Transformers don’t give you this in the same clean way. You can extract attention patterns and layer activations, but you don’t get a single carried-forward state vector that means “the model’s current understanding.” RWKV does. That’s a different kind of tool.
The lesson
Architecture choice is real. Not every model is interchangeable for every use case. If you’re building something that needs to introspect what the model is doing beneath the text output, the underlying architecture matters. Transformers are the best general-purpose AI models we have. They’re not the only architecture worth knowing about.

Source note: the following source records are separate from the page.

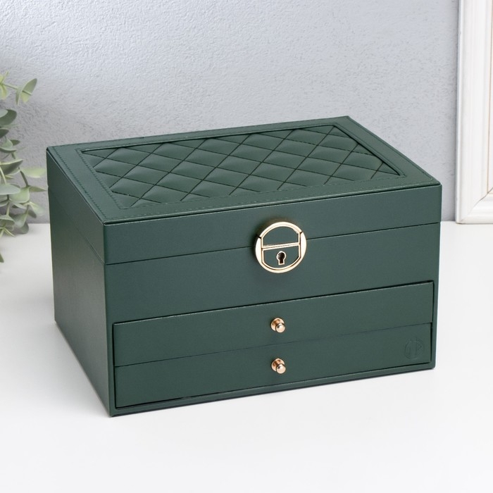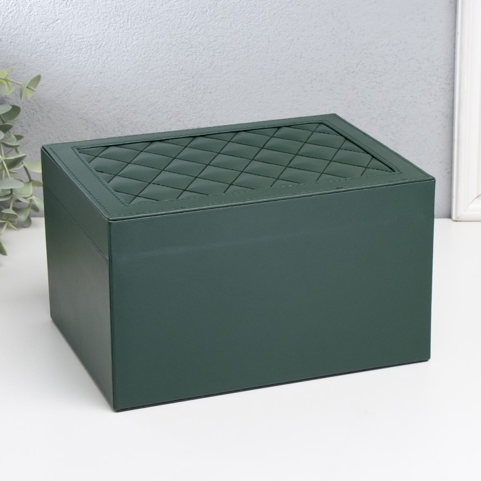 Шкатулка кожзам для украшений "Стёганая с рамкой" зелёная 23х17х13,5 см
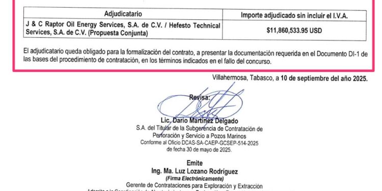 Denuncia al 9933989844… 🚩⚠️‼️¡Batazo a OLMECA DRILLING en Top Drive; ganan J&C RAPTOR/HEFESTO por $219 MDP!; en propuesta conjunta, las empresas J&C Raptor Oil Energy Services/Hefesto Technical Services, representados en diversos contratos por Karina Azuara Llamas y Osvaldo Salvador Hernández, respectivamente, recibieron el fallo de la licitación DEE-CAT-S-GCEE (Lucy Lozano Rodríguez) 302-104579-25-1 para realizar el servicio de mantenimiento y rehabilitación a sistemas impulsores superiores (Top Drive) de la marca GDS, incluyendo sus accesorios, de los equipos de perforación y reparación de pozos de @Pemex Exploración y Producción (PEP ahora DEE) de Ángel Cid Munguía por un monto de 219,319,283.29 pesos; tras este fallo, opaco desde la apertura de propuestas donde @Pemex ocultó los montos con lo que evadió el principio de máxima transparencia señalado en los Artículos 46 y 51 de de la Disposiciones Generales de Contratación, los Artículos 134, 70 y 122 de la Ley General de Transparencia y Acceso a la Información Pública, Olmeca Drilling Solutions and Engineering de Moisés Mendoza fue descartada tras ser reincidente en fraudes, documentados aquí, por haber falsificado una carta de un fabricante estadounidense con complicidad interna, además de la complicidad de las autoridades de @Pemex que habría permitido que esta empresa estuviese gozando de contratos con total impunidad; este hecho fue denunciado, incluso aunque el documento “de respaldo del fabricante” fue desmentido dos veces por el propio fabricante norteamericano; con esa carta, la empresa buscaba demostrar respaldo internacional y así avanzar en esta licitación; Olmeca Drilling ya había sido señalada anteriormente por irregularidades en procesos similares por ejemplo, manipular el año de fabricación de equipos Top Drive en otra licitación en la misma Subdirección de Perforación y Mantenimiento a Pozos (SPMP) a cargo de Federico Chow Sánchez, caso exhibe un patrón posible de corrupción sistemática; por su parte, J&C Raptor habría participado en un pool empresarial encabezado desde 2020 por Carlos Eugenio Lugo Ramírez, hijo del ex petrolero Carlos Lugo Gil, que en ese año ganó contratos con empresas que operó a través de Jorge Mote Reyes, Jorge Alberto Rojo Meza, Adriana Serrano Díaz, Félix Gabriel Girola, Gilberto Flores Hernández o Edgar González Olguín y con las que ganó más de 1,500 millones de pesos; su socio Hefesto Technical Services signó el contrato 653025801 con @Pemex en propuesta conjunta con Construcción y Servicios Integrales SIGMA de Abel Rodríguez Bautista, para ejecutar el servicio de mantenimiento preventivo y correctivo a los componentes, sistemas principales y auxiliares de los equipos terrestres de la marca National Oilwell Varco con capacidad de 1500 HP vigente actualmente del 14 de marzo de 2025 al 31 de diciembre de 2027 por un monto gigantesco de 1,142,105,541.22 pesos; atención @Claudiashein @MarcelaVilleg15 @CNE_Mex @SENER_mx @GobiernoMX @FGRmexico @LuzElena_GE @ASF_Mexico  @SCJN @STPS_mx @Tu_IMSS @SEMARNAT_mx @agencia_asea @CENAGAS_mx @IMPetroleo @SATMX @Hacienda_Mexico @BuenGobierno_mx @Centrofcrl #OIC #UIF #OmarReyesColmenares …Zas!!!
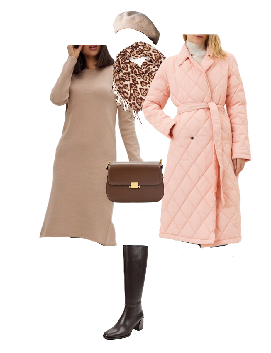 Главный цвет этого года - нежный персиковый Peach fuzz. Казалось бы, совершенно летний, а я вам докажу, что его реально можно носить круглый год. С этой целью я составила три разных по степени утепления очень стильных комплекта с вещами персикового цвета. Для образов я выбрала самые красивые сочетания этого цвета с серым, винным, пыльно - зеленым, бежевым цветами и оттенками коричневого. Практически все вещи из образов сейчас со скидками - можно выгодно освежить гардероб. Для вашего удобства все показано с ценами и ссылками или актикулами. Образ 1. Персиковый идеально сочетается с бежевыми и коричневыми оттенками. Тут такая прям нежнятина получилась, поэтому я добавила немного остринки -леопардовый шарф. Также хочу отметить растяжку цвета от бежевого до горького шоколада - очень красиво. При желании платье можно будет приталить ремнем - оно не супер свободное, поэтому не будет лишних складок. А можно оставить и свободно - тоже отлично смотрится. Составляющие: 1. Пальто стеганое за 5 0

RWKV is a scale problem for my use case, not a dead end. When RWKV-style architectures ship at 70B+, I’ll be running the same experiment again from the top.
Don’t wait for architecture fashion to catch up with what you actually need. If you find a piece of tech that fits a problem you’ve been carrying, try it. The cost of swapping is usually lower than you think. The cost of not looking is usually higher than you think.
That’s how the whole thing went from “RWKV is a thing” to “RWKV is in the pipeline” in one conversation.